The honor posterity pays to Sir Thomas More‘s valor for his own eventual martyrdom has always been attenuated by More’s own keenness to visit that martyrdom on others. Six men were put to death as Protestant heretics during the Catholic More’s 30 months as Lord Chancellor and several of them — including John Tewkesbury, who burned at Smithfield five days before the sad Christmas of 1531 — were even held and tortured by More himself, at his personal estate.

More, famous for subjecting his own flesh to the hairshirt, was not ashamed to have his porter’s house outfitted as a personal torture chamber complete with his own set of stocks. When another wrongthinker, George Constantine, managed to break out of More’s cage and flee to the continent, the future saint joked in the Apology how humanely that showed Constantine was treated, that he proved “strong enough to break the stocks, nor waxen so lame of his legs with lying but that he was light enough to leap the walls.” LOL!

Others like Tewkesbury were not so robust after More got through with them.

This leather merchant had found his way to reform ideas after coming into possession of a contraband Tyndale English Bible, and was also found in possession of Tyndale’s subversive Parable of the Wicked Mammon.

“If Paul were now alive, and would defend his own learning, he should be tried through fire; not through fire of the judgment of scripture, (for that light men now utterly refuse,) but by the pope’s law, and with fire of fagots,” Tyndale thunders in Wicked Mammon.

Tewkesbury failed his first trial by fagot: after repelling the personal interrogation of Bishop Cuthberg Tunstall,* Tewkesbury

was sent from the Lollards’ tower to my lord chancellor’s, called sir Thomas More, to Chelsea, with all his articles; to see whether he might accuse others. There he lay in the porter’s lodge, hand, foot, and head in the stocks, six days without release: then was he carried to Jesu’s tree, in his [More’s] privy garden, where he was whipped, and also twisted in the brows with small ropes, so that the blood started out of his eyes … after this, he was sent to be racked in the Tower, till he was almost lame, and there he promised to recant. (Foxe’s Book of Martyrs

Recanting entailed public penitence meant to underscore the consequences of backsliding: carrying to St.

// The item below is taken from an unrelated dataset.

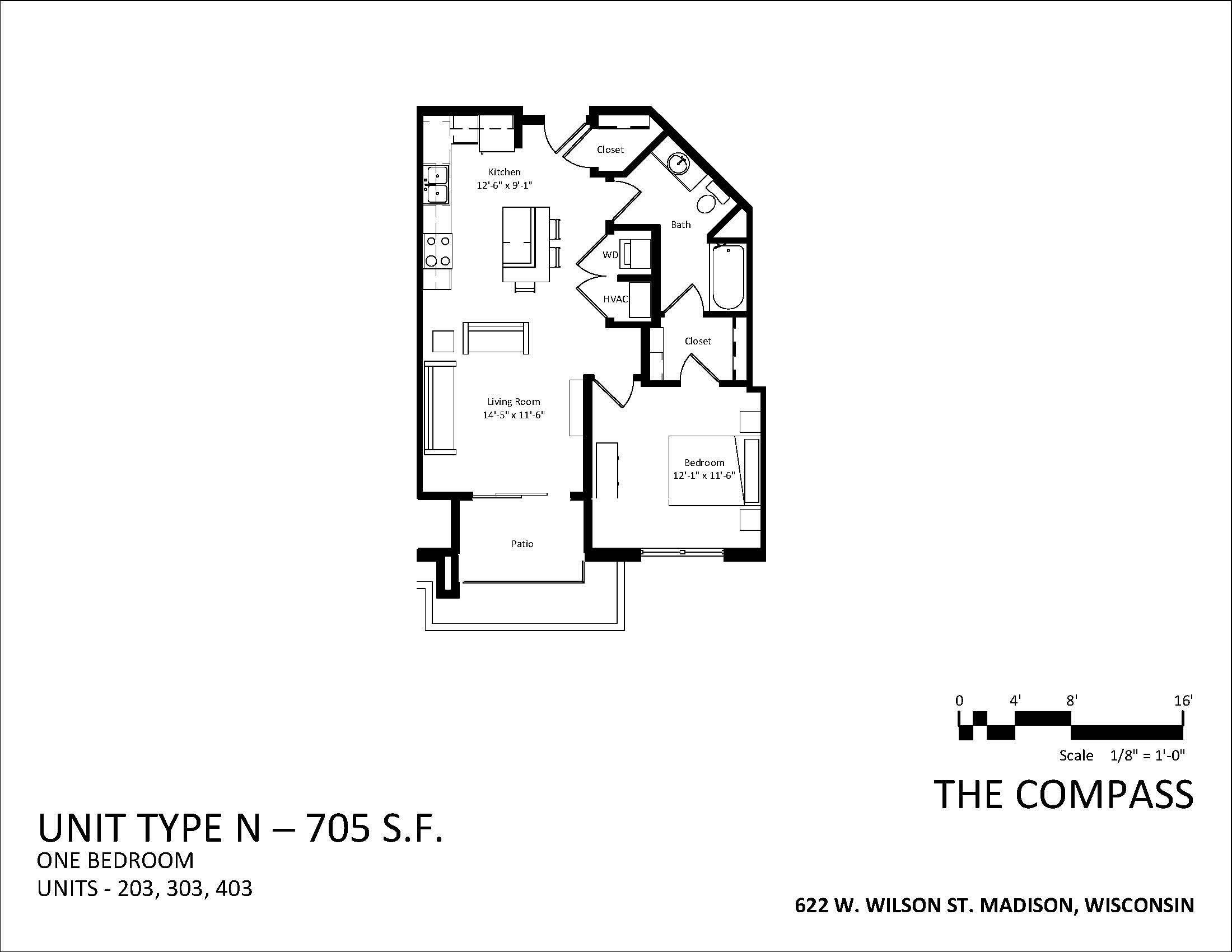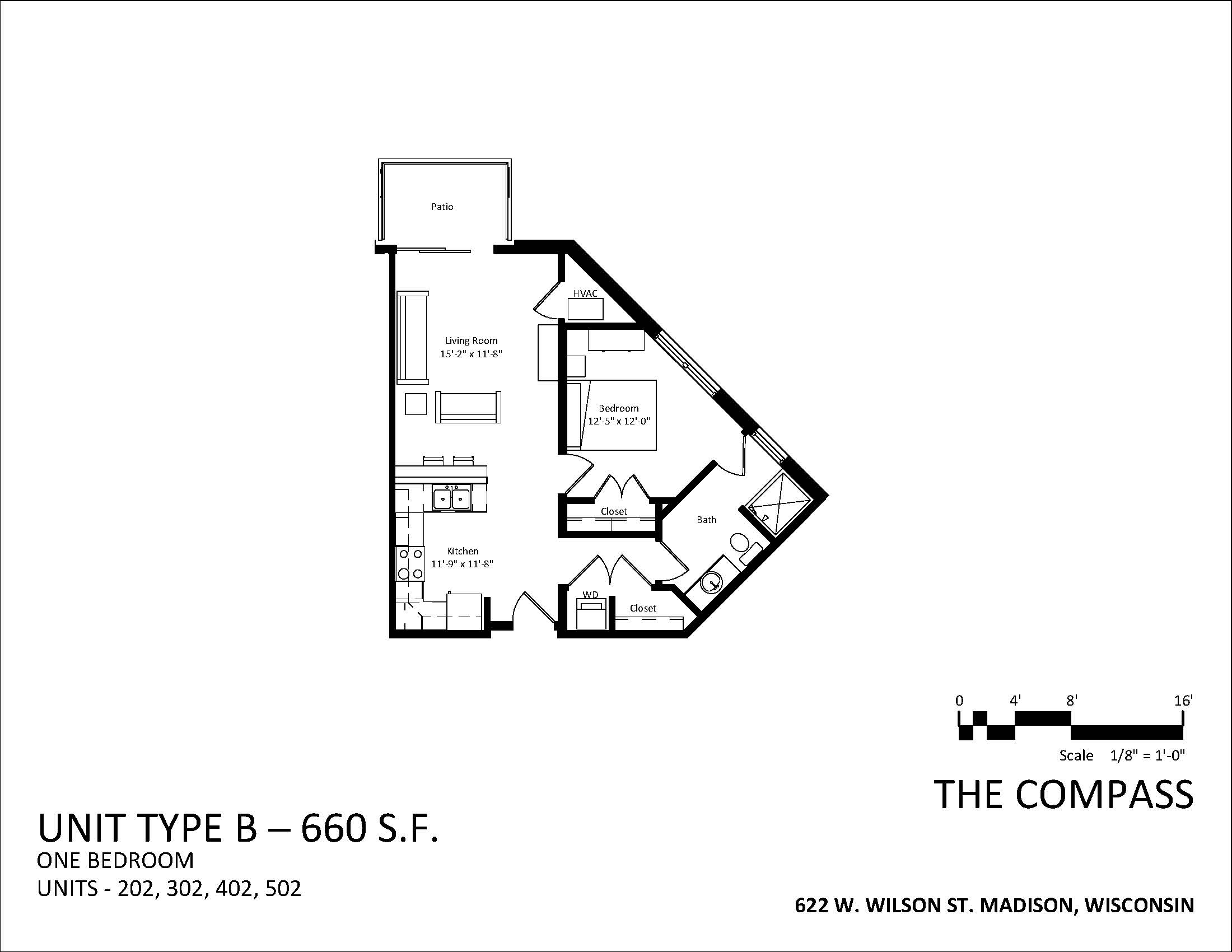 The Compass has studios, one-bedroom accessible units, one-bedroom units, two-bedroom accessible units and two-bedroom units in various layout types.

Paul’s Cross a fagot of the sort that would be lit under the feet of a repeat heretic.


John Tewkesbury carrying his fagot in penance. Illustration from Foxe’s Book of Martyrs.

It seems, however, that Tewkesbury’s courage, once sapped by More’s persecution, was soon reinvigorated by the same. Foxe claims that he took heart from the example of Richard Bayfield, arrested at Easter for smuggling Tyndale Bibles into England from the Low Countries and returned to his heresies, fagot or no.

And here More’s vigorous escapee George Constantine enters the narrative in earnest, for before Constantine slipped More’s shackles the Lord Chancellor wrung from him the names of several Protestants, including Tewkesbury’s. Our repeat heretic was again imprisoned at More’s servants’ quarters where he received his sentence —

Imprimis, That he confessed that he was baptized, and intended to keep the catholic faith.

Secondly, That he affirmeth, that the abjuration oath and subscription that he made before Cuthbert, late bishop of London, was done by compulsion.

Thirdly, That he had the books of the Obedience of a Christian Man, and of The Wicked Mammon, in his custody, and hath read them since his abjuration.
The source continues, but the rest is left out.